Given data
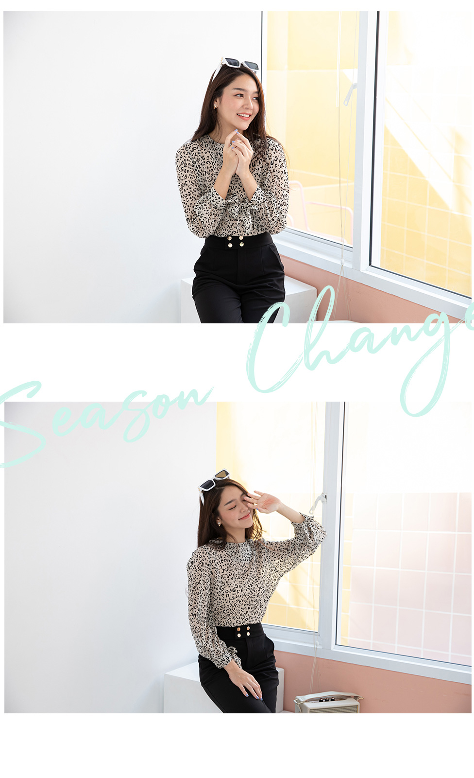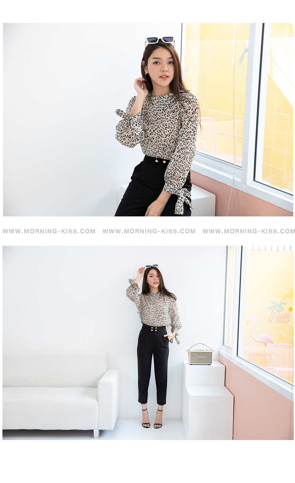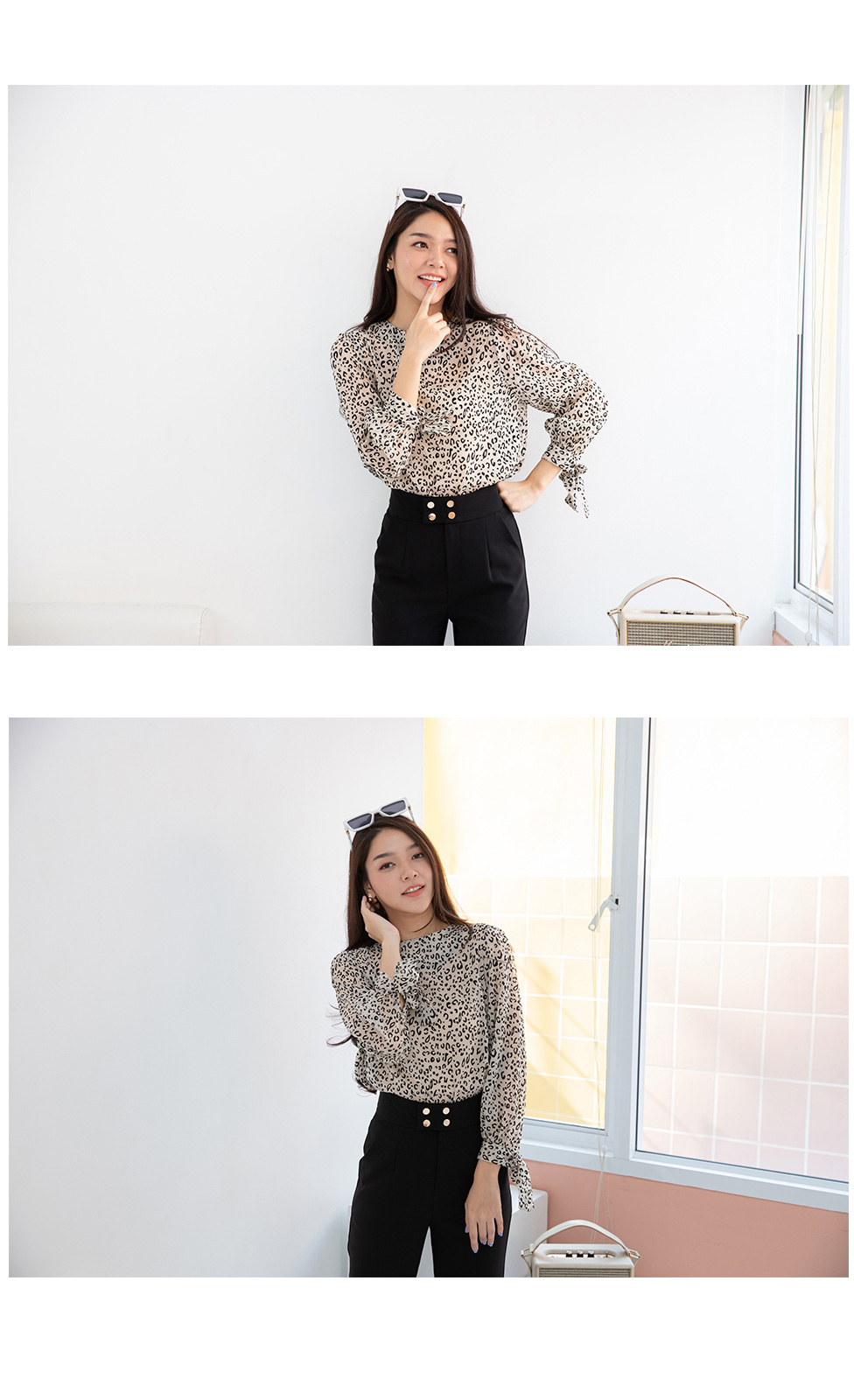 สาวเปรี้ยวแบบ smart look เสื้อแขนยาวผ้าซีฟองลายเสือ เนื้อผ้าแบบมี texture ในตัว ปลายแขนผูกเป็นโบว์น่ารักๆ แบบเรียบๆไม่เน้นดีเทลเยอะ แค่ลายผ้าก็สวยเก๋ไม่เบาอยู่แล้ว ใส่แมทกับกางเกงใส่ทำงาน ใส่เดินห้าง ได้หลายโอกาส
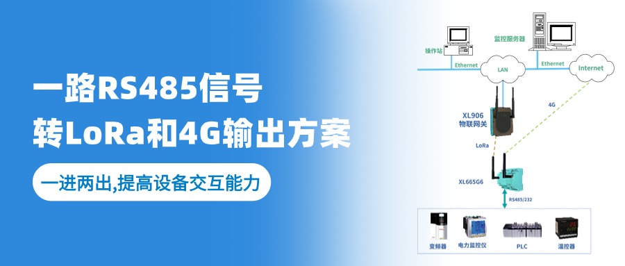 選擇XL665多路通信模塊,將1路RS485信號(hào)轉(zhuǎn)換成一路LoRa和一路4G輸出信號(hào)。
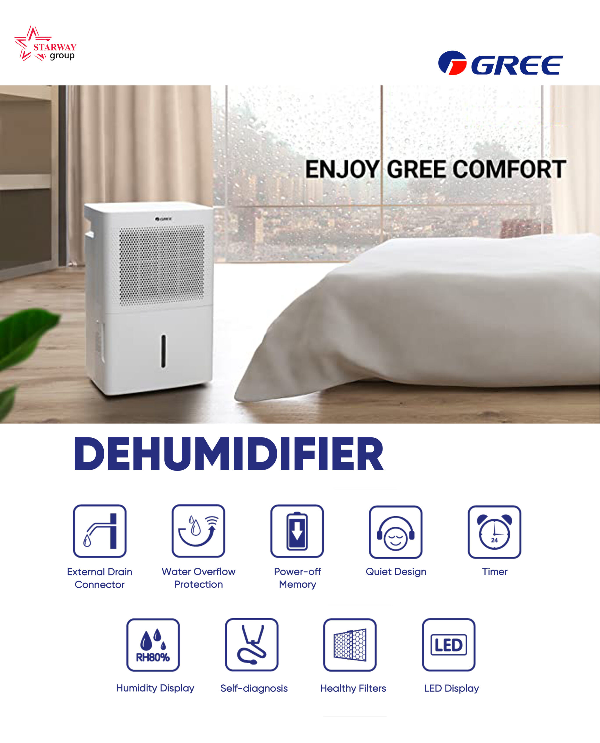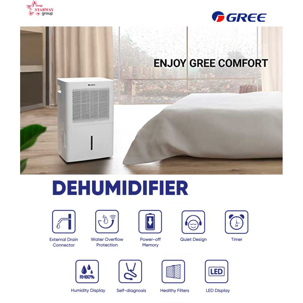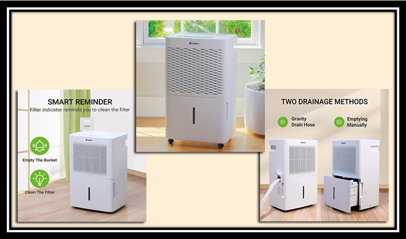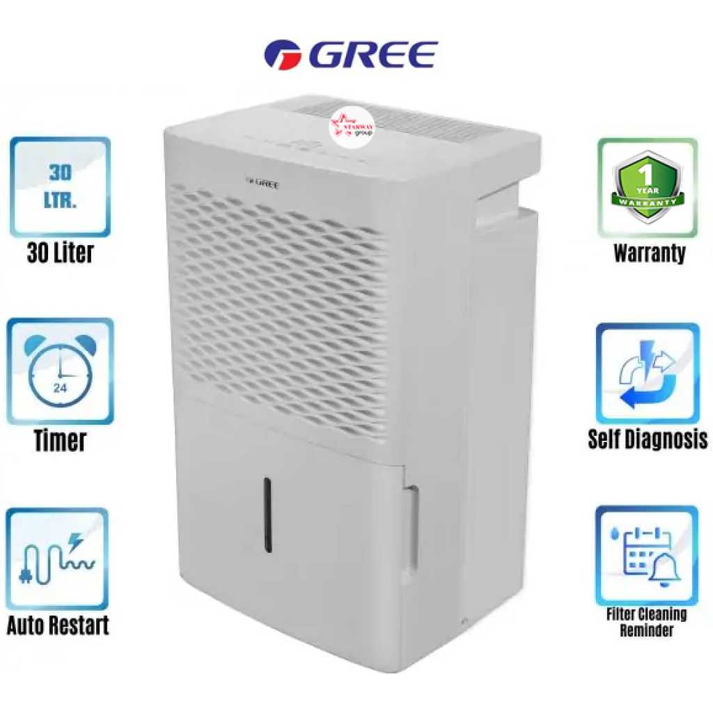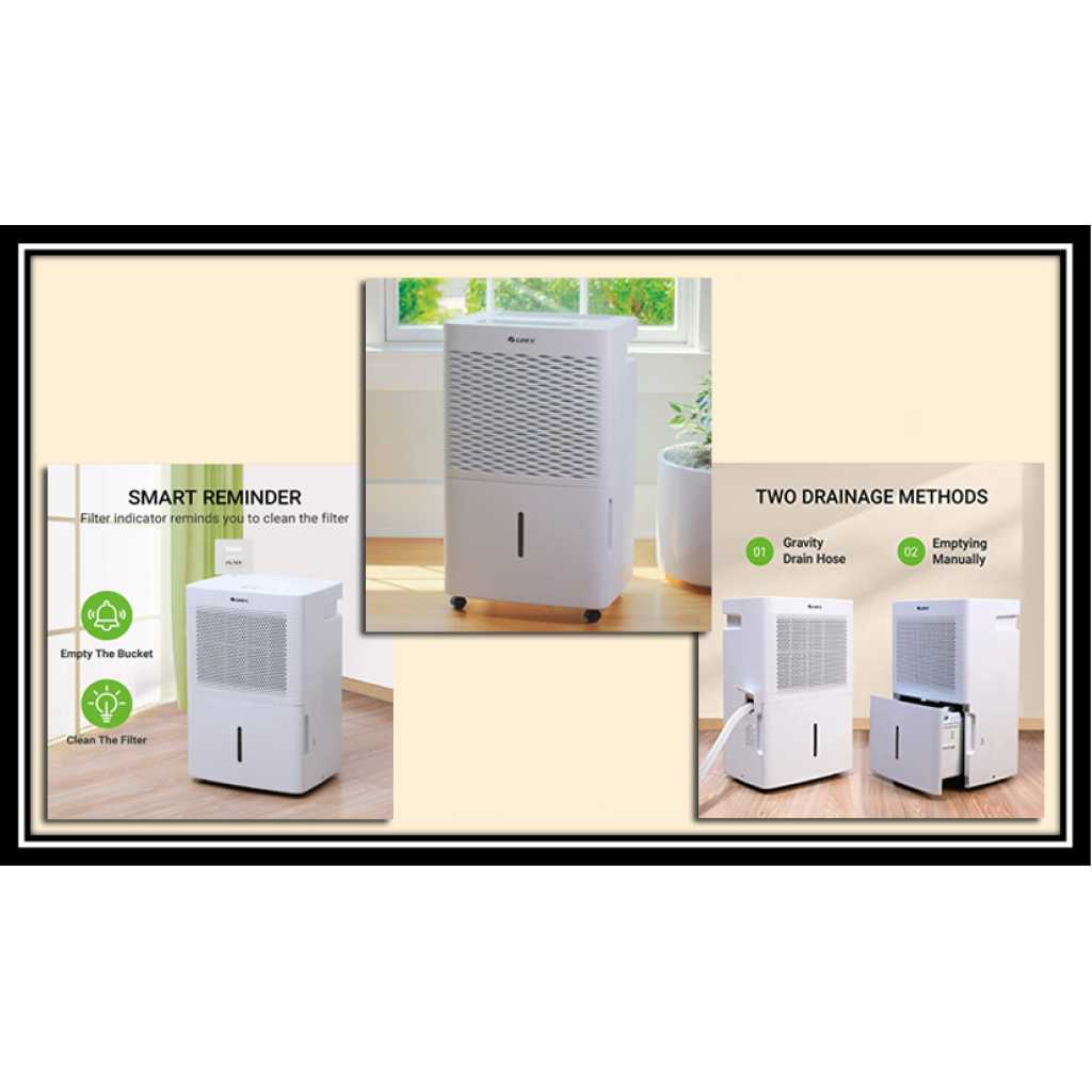 GD-30NL || Gree Brand Dehumidifier 30 Liter. GD-30NL || Gree Brand Dehumidifier 30 Liter in Bangladesh. Capacity: 30 Liter/Day Model: GD-30NL Country of Origin: China. Exclusive Warranty (GD-30NL): 01 Yr/12 Months from the date of supply. Technical Specifications (GD-30NL): Moisture Removal: 30 L/Day. Rated Dehumidification Capacity: 0.85/1.35 L/h. Power Supply: 220-240V/50Hz/1Ph. Power Input: 410/435/530/650 Watt. Operating Current: 1.9 A. Air Flow Volume: 155/220 m3/h. Fan Type: Centrifugal. Water Tank Volume: 4.8 L. Noise Level: 42/44 dB(A). Dimension (WxHxD): 348x555x270 mm. Applicable Room Size: 2500-3000 Cft. Refrigerant: R-410Aa (0.18 Kg). Weight: 16.5 Kg. Climate Type: T1. Moisture Protection: IPX0. Control Type: Electronic. Other Functions: Removable Bucket-Yes, External Drain Connector-Yes, Easy Roll Casters-Yes, Water Full Indicator-Yes, Memory-Yes, Memory-Yes, Timer Feature-Yes, Automatic Defrost-Yes, Real-time display of ambient Humidity-Yes, Tank Filled Protection-Yes, Self-Diagnosis-Yes. Special Features (GD-30NL): There are several types of dehumidifiers available for Residential, Commercial & Industrial Purposes. It reduces humidity levels, making your home less hospitable to allergens such as dust mites, mold, and mildew. They are not disruptive to your daily life and run quietly and efficiently in the background without most people even noticing. Dehumidifiers help reduce odors that can accompany mold and mildew in your home getting rid of that “musty” or “rotting” smell. These devices help to reduce the possibility that you will develop mold on your clothing, furniture, and other linens (such as curtains or bedsheets). Dehumidifiers reduce irritation to your skin and your respiratory system, allowing you to breathe easier and feel comfortable in your home. A less humid environment in your home means clothing will dry faster, bread and cereals will remain fresh longer without getting stale, and you won’t find signs of rust or corrosion on things like computer equipment, electronics, and tools. Running a dehumidifier helps reduce dust in your home, so you won’t have to clean as often. A dehumidifier also lowers energy costs because it helps your air conditioner run more efficiently.
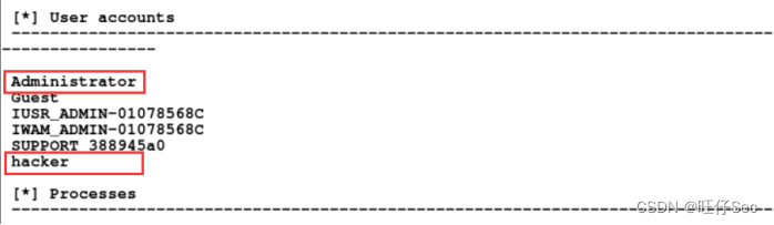 9.查看获取的系统信息,将系统管理员用户和异常(黑客)用户作为FLAG提交,(各用户之间用英文分号分割,例root;user)。

Assigned task
Put down exactly the lines of the data above that run from its first line through the line bearing "選擇XL665多路通信模塊,將1路RS4", and no pictures.

Final answer
 สาวเปรี้ยวแบบ smart look เสื้อแขนยาวผ้าซีฟองลายเสือ เนื้อผ้าแบบมี texture ในตัว ปลายแขนผูกเป็นโบว์น่ารักๆ แบบเรียบๆไม่เน้นดีเทลเยอะ แค่ลายผ้าก็สวยเก๋ไม่เบาอยู่แล้ว ใส่แมทกับกางเกงใส่ทำงาน ใส่เดินห้าง ได้หลายโอกาส
 選擇XL665多路通信模塊,將1路RS485信號(hào)轉(zhuǎn)換成一路LoRa和一路4G輸出信號(hào)。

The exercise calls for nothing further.